Moreover, I had not entirely forgotten I was lying at almost the exact spot where a murder had been committed, and that the murderer was still at large. (Kazuo Ishiguro: When We Were Orphans

「at large」が次のように使われるのを知っている方も多いと思います。
「[名詞の後で]一般の(in general)、全体としての(as a whole)」
the opinion of the public at large
「(危険人物や動物が)捕まらないで」
Her killer is still at large
The suspect is at large.

いくつかの解説書は、「large」が「大きい、広い」の意であるので、このような意味になると説明しています。「The suspect is at large.」は「容疑者は広いところにいる」⇒「捕まらないで逃走中」のような説明です。
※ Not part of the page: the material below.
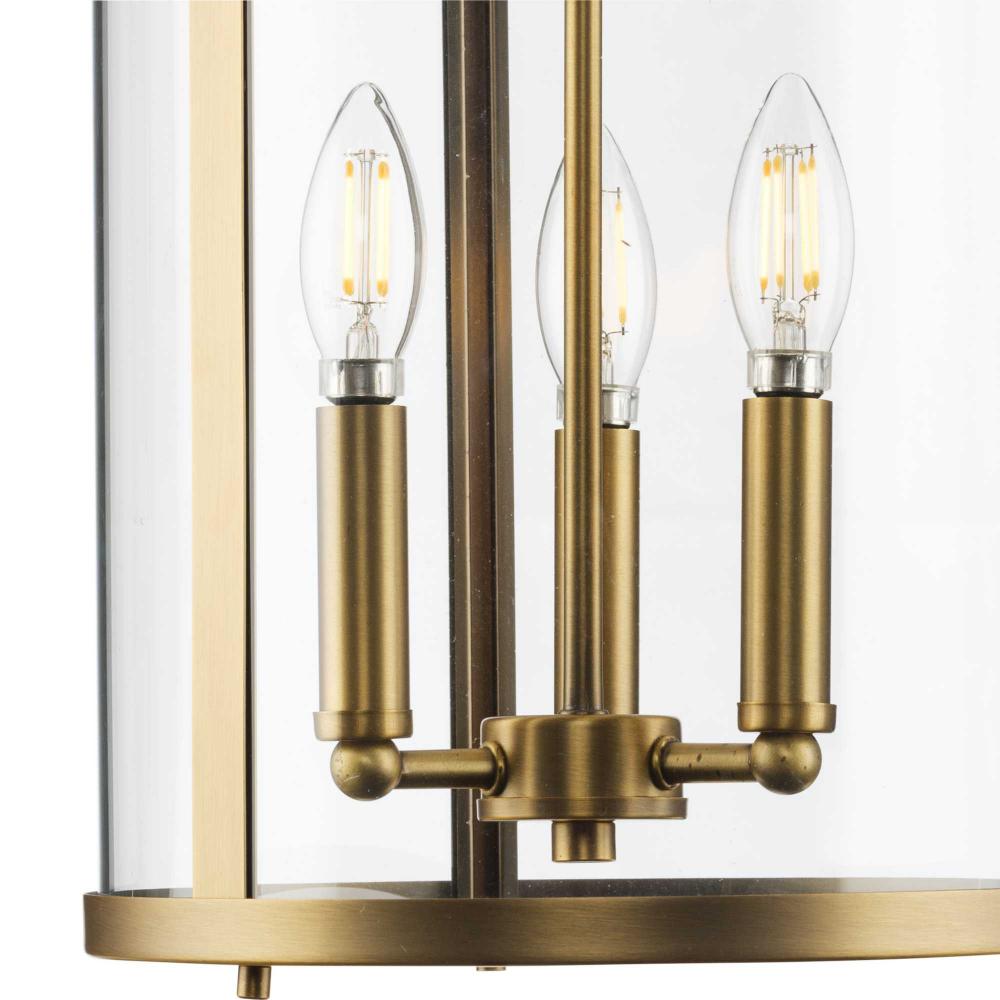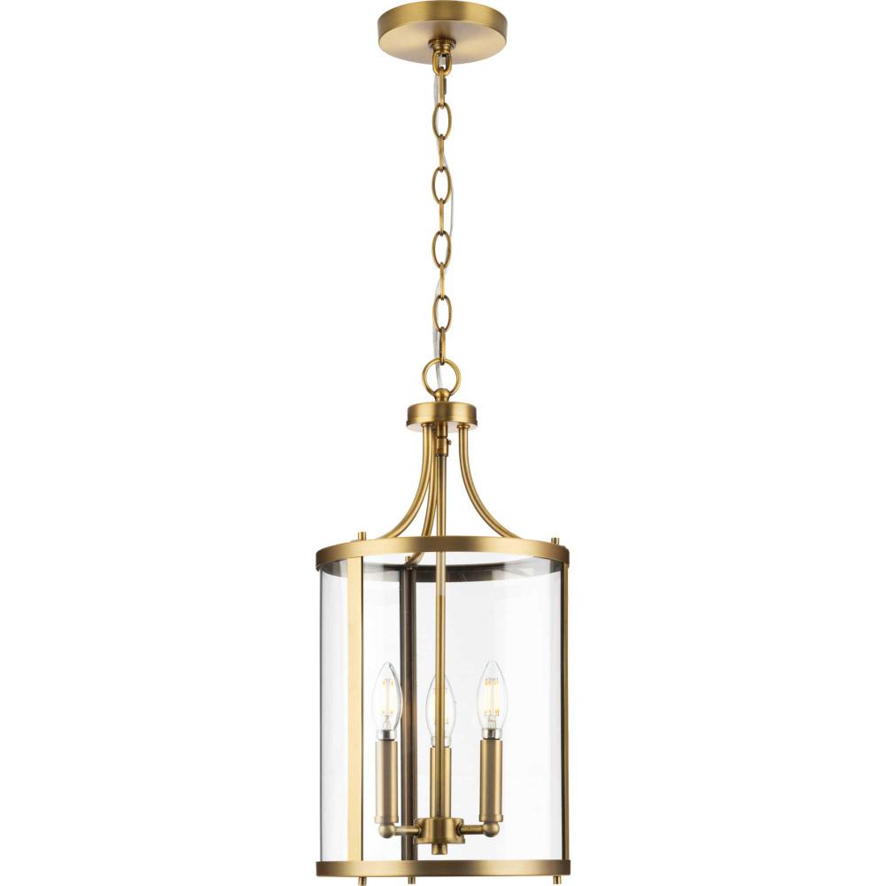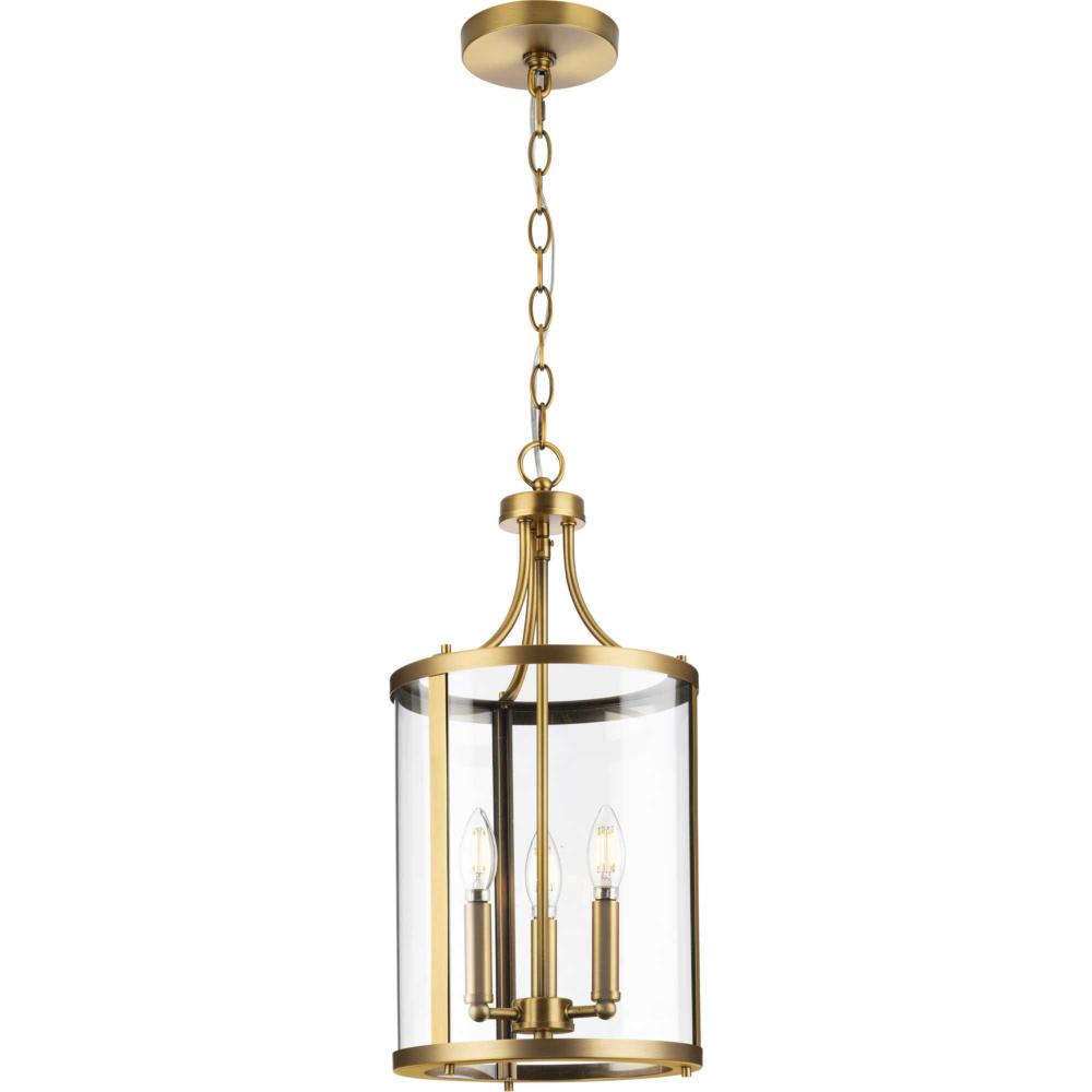 The fixture is coated with a gold-toned, vintage brass finish, adding a beautiful statement to halls and foyers

しかし、あのウエブスター大辞典には次のような説明があります。
An obsolete meaning of "large" as a noun is "freedom, liberty," now surviving only in the phrase "at large" (Webster's unabridged, 1934).

「large」が「大きい、広い」の意であるからではなく、古くは「自由」を意味したから、というのが正しい説明。

一方「[名詞の後で]一般の(in general)、全体としての(as a whole)」の意になる背景は「large」の語源であるラテン語の「largus」が「数・量が多い、豊富な」の意味を持っていたからだと思います。